I am looking for rule-based methods or any other methods to identify all mentions in a text. I have found several libraries that give coreferences but no exact options for only mentions. What I want is something like below:

Input text:

[This painter]'s indulgence of visual fantasy, and appreciation of different historic architectural styles can be seen in his 1840 Architect's Dream. After a series of paintings on The Last of the Mohicans, [he] made a three year trip to Europe in 1829, but [he] is better known for a trip four years earlier in which [he] journeyed up the Hudson River to the Catskill Mountains. FTP, name [this painter of The Oxbow] and The Voyage of Life series.

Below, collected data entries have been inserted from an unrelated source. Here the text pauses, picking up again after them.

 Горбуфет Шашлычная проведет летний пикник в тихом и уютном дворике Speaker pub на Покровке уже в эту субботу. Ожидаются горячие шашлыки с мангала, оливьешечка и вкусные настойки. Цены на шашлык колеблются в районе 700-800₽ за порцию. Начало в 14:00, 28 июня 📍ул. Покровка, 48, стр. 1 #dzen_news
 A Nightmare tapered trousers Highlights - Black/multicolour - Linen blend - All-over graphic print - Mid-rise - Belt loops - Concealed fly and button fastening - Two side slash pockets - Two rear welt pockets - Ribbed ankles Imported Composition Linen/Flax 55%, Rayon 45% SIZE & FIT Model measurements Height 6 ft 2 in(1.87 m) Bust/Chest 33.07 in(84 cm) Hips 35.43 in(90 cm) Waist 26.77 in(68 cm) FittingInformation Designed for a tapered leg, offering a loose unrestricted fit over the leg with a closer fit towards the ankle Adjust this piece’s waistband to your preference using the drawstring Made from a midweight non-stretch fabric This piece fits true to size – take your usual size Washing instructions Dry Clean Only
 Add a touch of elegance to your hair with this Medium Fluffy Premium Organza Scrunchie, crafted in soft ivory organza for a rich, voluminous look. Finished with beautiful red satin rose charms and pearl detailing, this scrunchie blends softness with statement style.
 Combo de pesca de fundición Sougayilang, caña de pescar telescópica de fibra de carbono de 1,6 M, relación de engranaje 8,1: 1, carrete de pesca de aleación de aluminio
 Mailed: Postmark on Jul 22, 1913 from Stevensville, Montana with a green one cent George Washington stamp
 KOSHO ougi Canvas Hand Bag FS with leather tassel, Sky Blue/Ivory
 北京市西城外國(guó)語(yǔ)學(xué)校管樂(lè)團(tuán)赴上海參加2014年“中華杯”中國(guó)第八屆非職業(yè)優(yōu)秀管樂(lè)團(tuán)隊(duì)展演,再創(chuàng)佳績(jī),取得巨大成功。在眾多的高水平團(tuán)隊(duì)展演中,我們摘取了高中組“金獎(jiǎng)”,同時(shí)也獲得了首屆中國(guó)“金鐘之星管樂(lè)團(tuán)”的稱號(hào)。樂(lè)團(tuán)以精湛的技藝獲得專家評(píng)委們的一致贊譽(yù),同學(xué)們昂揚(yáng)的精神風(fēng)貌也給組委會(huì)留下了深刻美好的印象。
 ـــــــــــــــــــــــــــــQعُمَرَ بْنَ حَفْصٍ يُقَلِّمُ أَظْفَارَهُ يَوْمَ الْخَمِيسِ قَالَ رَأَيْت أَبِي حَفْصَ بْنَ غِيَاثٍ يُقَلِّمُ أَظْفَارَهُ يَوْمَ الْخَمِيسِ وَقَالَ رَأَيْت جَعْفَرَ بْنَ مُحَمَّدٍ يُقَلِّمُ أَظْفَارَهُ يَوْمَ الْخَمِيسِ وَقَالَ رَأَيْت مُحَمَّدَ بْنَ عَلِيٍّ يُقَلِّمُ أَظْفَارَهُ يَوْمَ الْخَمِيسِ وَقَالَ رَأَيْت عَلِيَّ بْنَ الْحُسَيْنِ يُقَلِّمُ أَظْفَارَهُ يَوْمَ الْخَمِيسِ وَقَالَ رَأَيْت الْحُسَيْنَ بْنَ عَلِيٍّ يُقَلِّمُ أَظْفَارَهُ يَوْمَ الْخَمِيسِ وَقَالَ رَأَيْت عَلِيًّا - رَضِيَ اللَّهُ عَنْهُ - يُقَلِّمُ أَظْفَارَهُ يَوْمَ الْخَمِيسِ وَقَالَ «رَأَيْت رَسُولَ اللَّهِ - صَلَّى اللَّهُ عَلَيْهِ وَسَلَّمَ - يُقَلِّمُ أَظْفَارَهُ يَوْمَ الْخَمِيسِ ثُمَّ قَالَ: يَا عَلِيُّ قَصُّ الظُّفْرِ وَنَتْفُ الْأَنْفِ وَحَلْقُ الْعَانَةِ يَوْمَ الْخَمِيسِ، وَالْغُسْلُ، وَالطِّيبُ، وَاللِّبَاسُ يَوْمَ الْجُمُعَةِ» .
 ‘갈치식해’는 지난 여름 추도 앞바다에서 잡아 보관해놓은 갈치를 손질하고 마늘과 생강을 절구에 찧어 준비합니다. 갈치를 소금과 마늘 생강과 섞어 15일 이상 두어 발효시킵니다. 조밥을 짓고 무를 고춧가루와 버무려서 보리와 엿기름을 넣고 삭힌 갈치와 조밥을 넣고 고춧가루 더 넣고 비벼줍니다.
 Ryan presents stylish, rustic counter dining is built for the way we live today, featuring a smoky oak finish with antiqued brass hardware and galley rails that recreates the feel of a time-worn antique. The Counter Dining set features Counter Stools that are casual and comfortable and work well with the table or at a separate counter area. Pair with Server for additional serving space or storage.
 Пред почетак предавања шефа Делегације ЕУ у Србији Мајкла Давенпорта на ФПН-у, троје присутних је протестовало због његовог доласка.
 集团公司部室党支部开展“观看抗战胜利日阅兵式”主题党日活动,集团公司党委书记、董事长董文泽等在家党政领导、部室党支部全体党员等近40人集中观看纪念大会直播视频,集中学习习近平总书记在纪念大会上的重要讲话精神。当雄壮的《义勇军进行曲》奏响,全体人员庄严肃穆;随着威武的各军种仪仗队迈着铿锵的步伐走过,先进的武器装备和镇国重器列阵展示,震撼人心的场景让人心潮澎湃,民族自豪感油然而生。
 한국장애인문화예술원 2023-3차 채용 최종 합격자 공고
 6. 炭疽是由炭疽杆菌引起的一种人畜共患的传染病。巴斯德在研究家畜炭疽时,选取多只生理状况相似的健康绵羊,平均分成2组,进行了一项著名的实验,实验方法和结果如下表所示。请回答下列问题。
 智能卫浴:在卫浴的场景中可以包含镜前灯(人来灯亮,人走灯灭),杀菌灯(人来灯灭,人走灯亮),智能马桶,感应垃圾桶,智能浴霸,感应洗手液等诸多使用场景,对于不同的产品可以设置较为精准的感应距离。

*The square brackets highlight mentions.

Please suggest a way to deal with this. Also, how is it different from coreferences? It would be really helpful if someone could post links to the concerned papers.

  • 3
    This is coreference. It is exactly what coreference resolution is intended to do. "This painter" coreferences "he", etc. – Adam_G May 15 '15 at 21:16
  • Thank you Adam_G for your reply. But my problem is little different as I want all the mentions. Does coreference gives all the mentions? Actually when I tried Stanford core nlp coreference module, it was giving me only co-referent mentions and not all. – kahini wadhawan May 16 '15 at 21:06
  • 3
    It is extremely difficult to understand what you're looking for. Coreference resolution is a hard task, and is not 100% robust. I'd encourage you to do some reading about the topic, and then submit a new question. – Adam_G May 16 '15 at 21:11

Does "any other method" include manual work? Then I recommend to train some students to annotate the coreference chains. Take care that every text is annotated twice by different annotators, and compute the inter-annotator agreement (e.g., by determining Cohen's kappa).